━━━ Available records
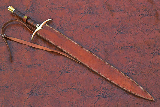 38 inches Long Claymore Sword, 30" Long Hand Forged Damascus Steel Double Edge Blade, Forward Brass Cross hilt Forward and Pommel, Leather Scabbard with Shoulder Stripe
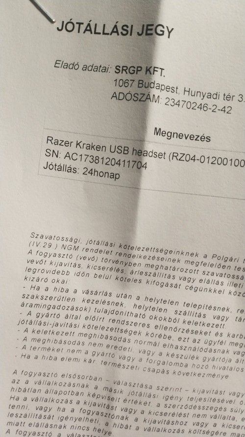 A fejhallgatóra 2019. 12. 08.ig vonatkozik garancia.
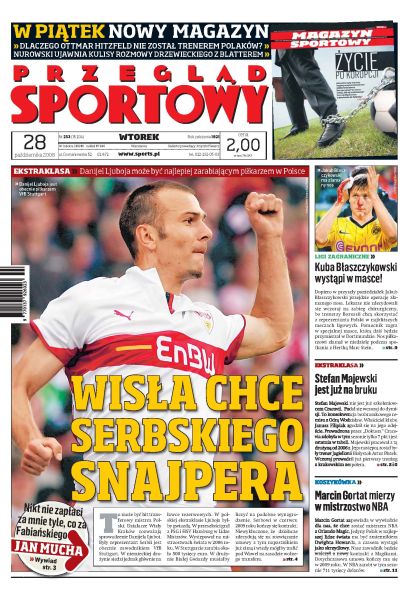 Wisła Kraków chce sprowadzić Danijela Ljuboi; Stefan Majewski nie jest już szkoleniowcem Cracovii; mimo złamanego nosa Kuba Błaszczykowski będzie grał, operację przekłada na przyszły tydzień; Marcin Gortat zapowiada, że chce zostać mistrzem NBA; zapłata kilkunastu milionów złotych podatku nie doprowadzi PZPN do bankructwa; wywiad z Michałem Listkiewiczem; Marko Samardzić ma już za sobą debiut w PlusLidze; Agnieszka Radwańska zakończyła przełomowy sezon w swojej karierze; wywiad z bokserem Steve'em Cunninghamem.
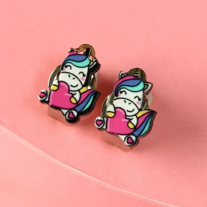 Серьги-клипсы детские «Выбражулька» сказка, единорог яркий, цветные
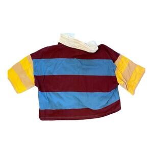 Forever21 Striped Drop-Sleeve Cropped Polo Shirt Size M
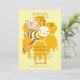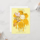 Mummy to be baby bee and honey dipper overlay on a dripping honeycomb baby shower invitation. Unique, bold and whimsical! Amber gold and pastel yellow.
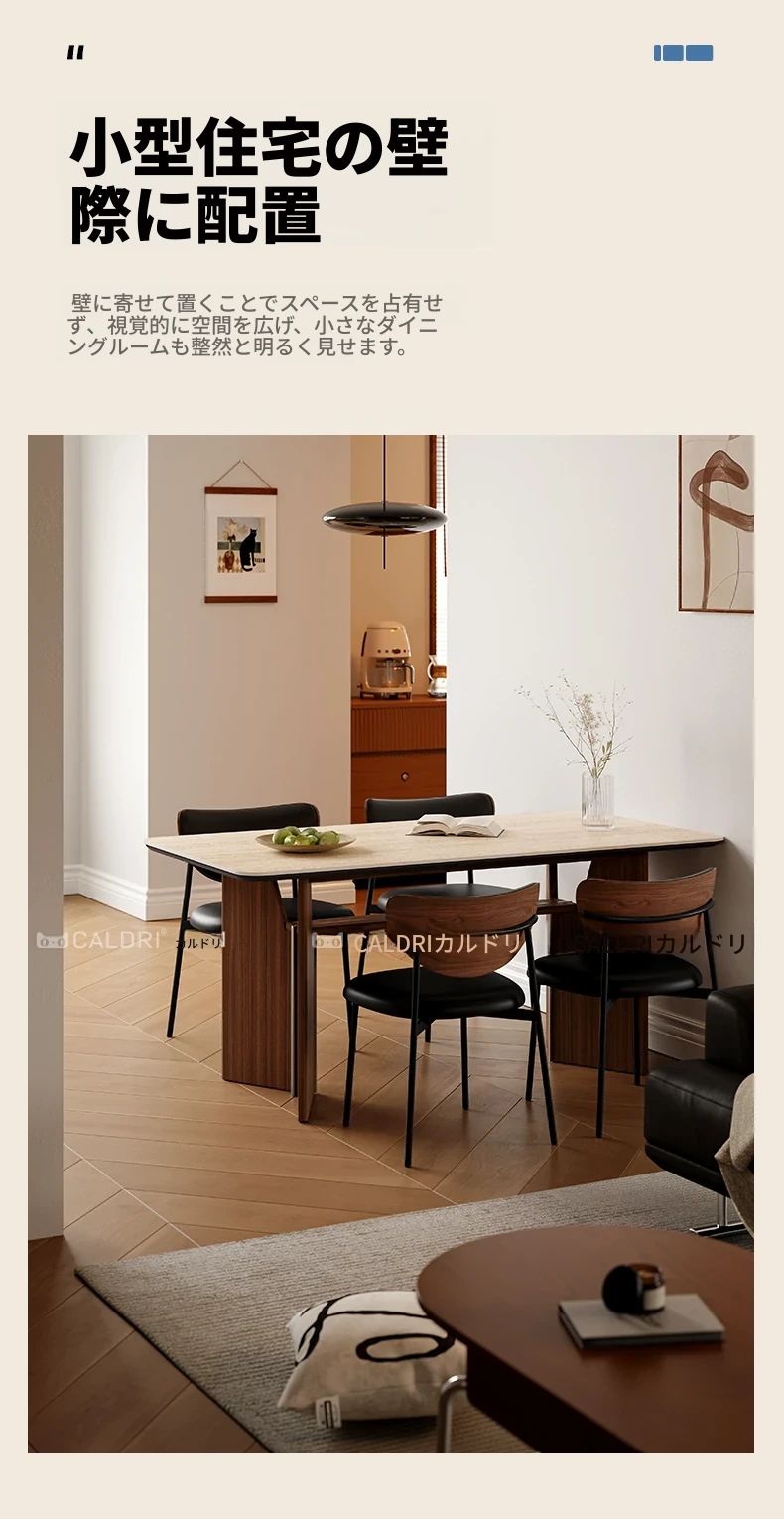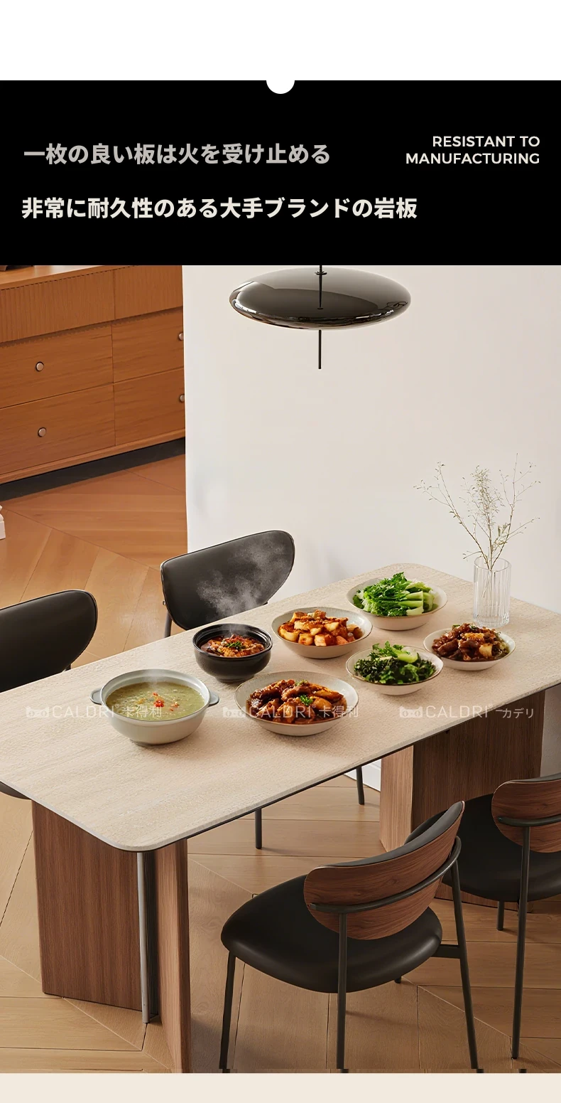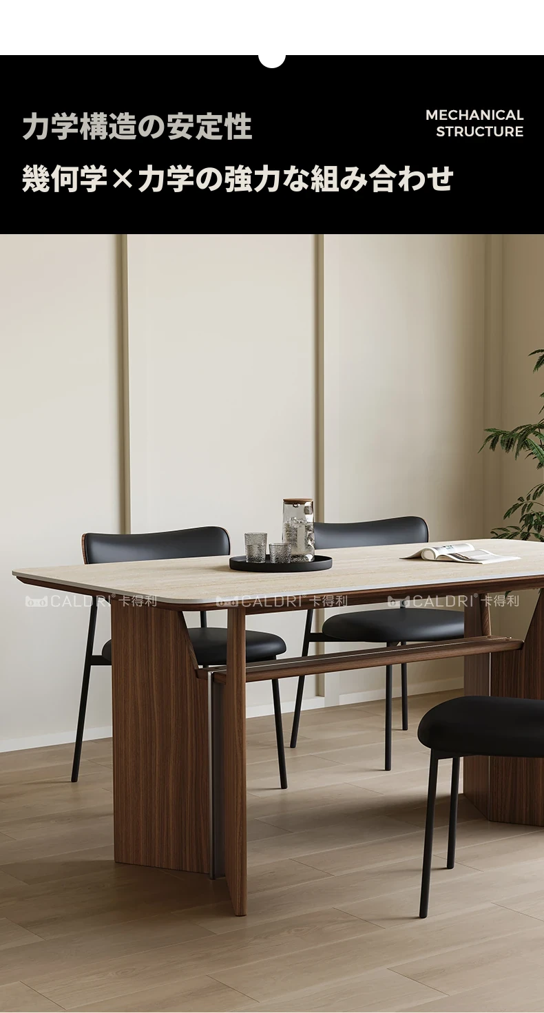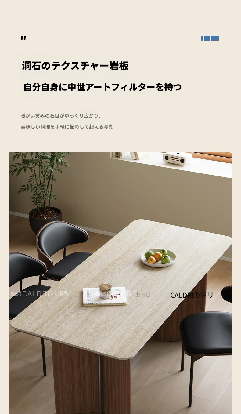 カデリ旧叙洞石長テーブル|アンティーク風の高級無垢材脚|シンプルでスタイリッシュな岩板ダイニングテーブル&チェアセット|お家のインテリアにぴったり!
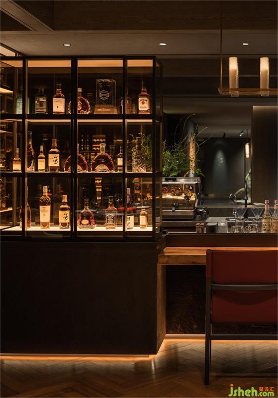 暖光渲染柜中美酒,陣列式燭臺懸掛操作臺上方,視線穿透咖啡吧望見遠處長廊,隨步調(diào)轉(zhuǎn)折,飲茶空間被徐徐展開。
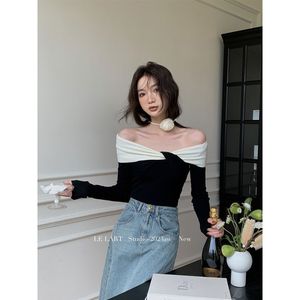 秋冬の新型韓国版のデザイン感は色にぶつかってやせているニットの小さい大衆の純粋な欲の優雅な1字の肩の上着の女性にぶつかります。
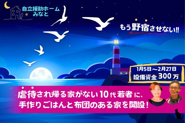 2026/01/05 01:26本日よりクラウドファンディング始まりました!! この寒空の下、雨風しのげない公園や橋の下で、「今日を生きるか…」と迷わざるを得ない若者が、この京都・大阪・滋賀にもいます。 京都市内だけでも、虐待認定を受ける15〜20歳の若者は年間220人(2024年度)。児童相談所や警察に繋げてもらえずに苦悩したままの若者は、はたしてこの何倍でしょうか。 京都市内の自立援助ホームの定員総数は僅か44人に留まり、児童養護施設を含めても受け皿が圧倒的に不足しています。 私たちは京都市中京区(西院)で2026年6月開設に向け、京都市の認可申請に間に合わせるべく、設備費を最低300万がどうしても必要です。 若者の命と人生が繋がるHomeを、私たちと一緒に創っていただけないでしょうか。どうか、あなたのお力をお貸しください。自立援助ホームみなと(一般社団法人みなと)スタッフ一同 もっと見る
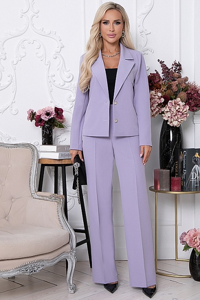Комплект брючный из костюмной ткани.Жакет прямого силуэта с отложным воротником с лацканами.Рукав втачной длинный.Застежка на две пуговицы.Брюки прямые,свободные с заутюженными стрелками,по бокам функциональные карманы.Пояс притачной с эластичной резиной по спинке.В среднем шве переда имитация гульфика.
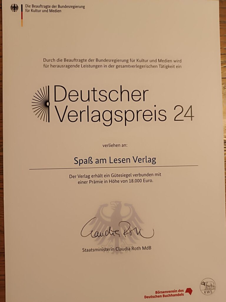 De Deutscher Verlagspreis is de belangrijkste prijs voor uitgeverijen in Duitsland. Spaß am Lesen Verlag, de zusteruitgeverij van Eenvoudig Communiceren, ontving deze prijs van Claudia Roth, minister van Cultuur en Media in Duitsland, tijdens de Frankfurter Buchmesse. Minister Roth benadrukte het belang van kleine, onafhankelijke uitgeverijen als Spaß am Lesen Verlag voor de democratie. Dankzij deze uitgeverijen kunnen alle doelgroepen bereikt en geïnformeerd worden. Minister Roth is dan ook van plan om een voorstel in te dienen voor subsidieregelingen voor kleine uitgeverijen.
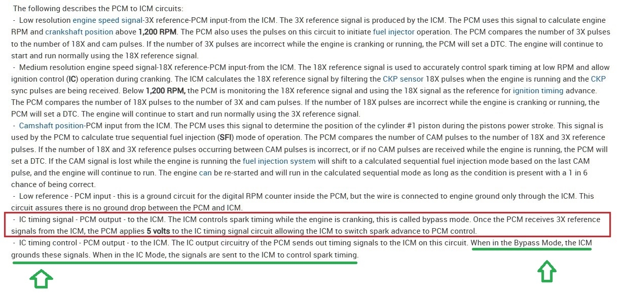 I know this system is confusing because the cam and crank signals are not directly fed to the PCM, they come through the ICM first. The Low Reference wire is stated as "providing a Ground circuit for the digital RPM counter inside the PCM. But the wire is connected to the engine ground only through the ICM. This assures there is no ground drop between the PCM and ICM". Those are the exact words from service info.
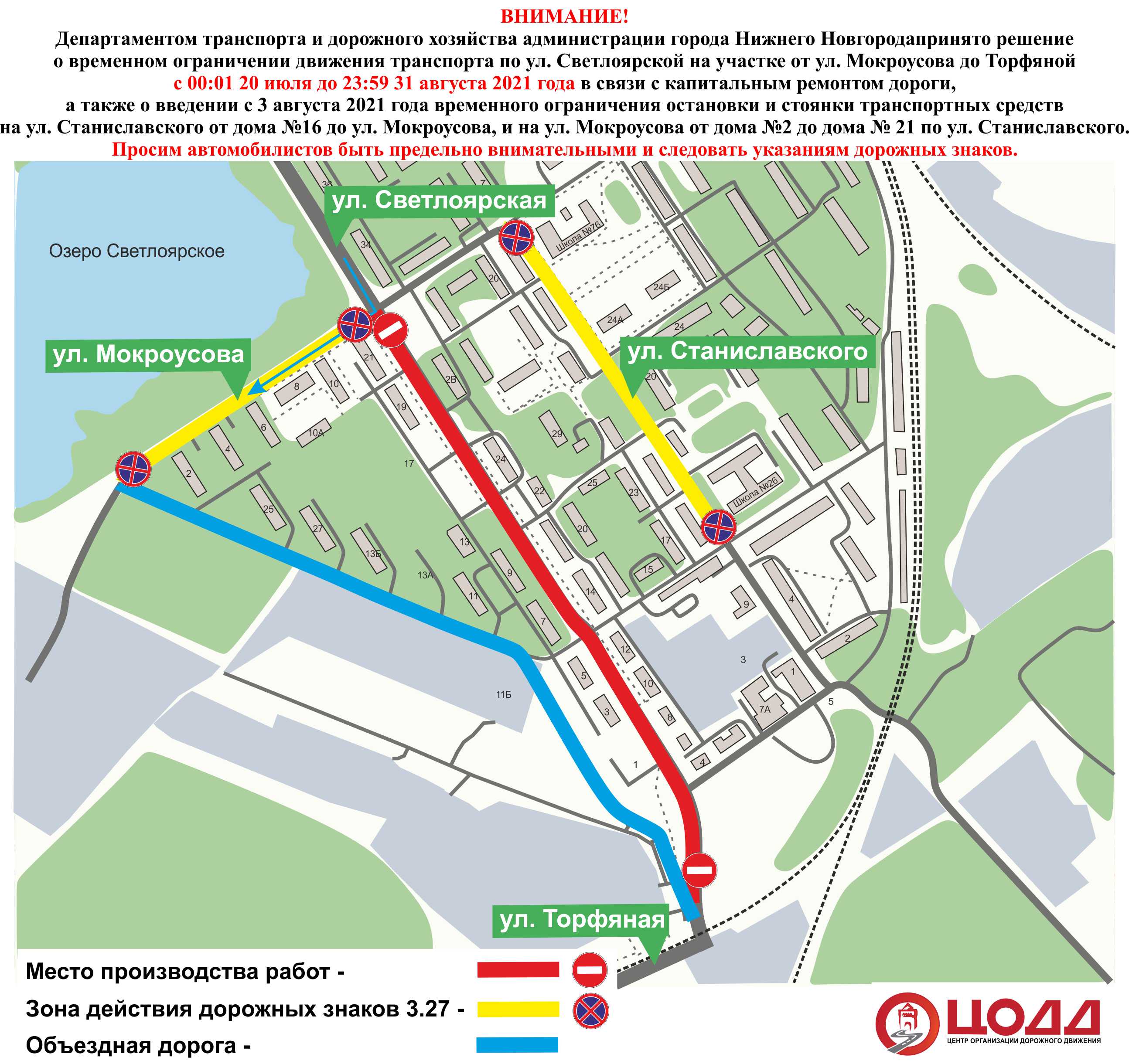 В Сормовском районе Нижнего Новгорода в связи с капитальным ремонтом дороги и переустройством инженерных коммуникаций будет временно прекращено движение транспорта по улице Светлоярской. Об этом сообщили в городском департаменте транспорта и дорожного хозяйства.
━━━━━━
Required action
Everything from the line above that contains "カデリ旧叙洞石長テーブル|ア" down to the line that contains "De Deutscher Verlagspreis" must be reproduced exactly, both ends included. Omit the pictures.

Worked solution
 カデリ旧叙洞石長テーブル|アンティーク風の高級無垢材脚|シンプルでスタイリッシュな岩板ダイニングテーブル&チェアセット|お家のインテリアにぴったり!
 暖光渲染柜中美酒,陣列式燭臺懸掛操作臺上方,視線穿透咖啡吧望見遠處長廊,隨步調(diào)轉(zhuǎn)折,飲茶空間被徐徐展開。
 秋冬の新型韓国版のデザイン感は色にぶつかってやせているニットの小さい大衆の純粋な欲の優雅な1字の肩の上着の女性にぶつかります。
 2026/01/05 01:26本日よりクラウドファンディング始まりました!! この寒空の下、雨風しのげない公園や橋の下で、「今日を生きるか…」と迷わざるを得ない若者が、この京都・大阪・滋賀にもいます。 京都市内だけでも、虐待認定を受ける15〜20歳の若者は年間220人(2024年度)。児童相談所や警察に繋げてもらえずに苦悩したままの若者は、はたしてこの何倍でしょうか。 京都市内の自立援助ホームの定員総数は僅か44人に留まり、児童養護施設を含めても受け皿が圧倒的に不足しています。 私たちは京都市中京区(西院)で2026年6月開設に向け、京都市の認可申請に間に合わせるべく、設備費を最低300万がどうしても必要です。 若者の命と人生が繋がるHomeを、私たちと一緒に創っていただけないでしょうか。どうか、あなたのお力をお貸しください。自立援助ホームみなと(一般社団法人みなと)スタッフ一同 もっと見る
Комплект брючный из костюмной ткани.Жакет прямого силуэта с отложным воротником с лацканами.Рукав втачной длинный.Застежка на две пуговицы.Брюки прямые,свободные с заутюженными стрелками,по бокам функциональные карманы.Пояс притачной с эластичной резиной по спинке.В среднем шве переда имитация гульфика.
 De Deutscher Verlagspreis is de belangrijkste prijs voor uitgeverijen in Duitsland. Spaß am Lesen Verlag, de zusteruitgeverij van Eenvoudig Communiceren, ontving deze prijs van Claudia Roth, minister van Cultuur en Media in Duitsland, tijdens de Frankfurter Buchmesse. Minister Roth benadrukte het belang van kleine, onafhankelijke uitgeverijen als Spaß am Lesen Verlag voor de democratie. Dankzij deze uitgeverijen kunnen alle doelgroepen bereikt en geïnformeerd worden. Minister Roth is dan ook van plan om een voorstel in te dienen voor subsidieregelingen voor kleine uitgeverijen.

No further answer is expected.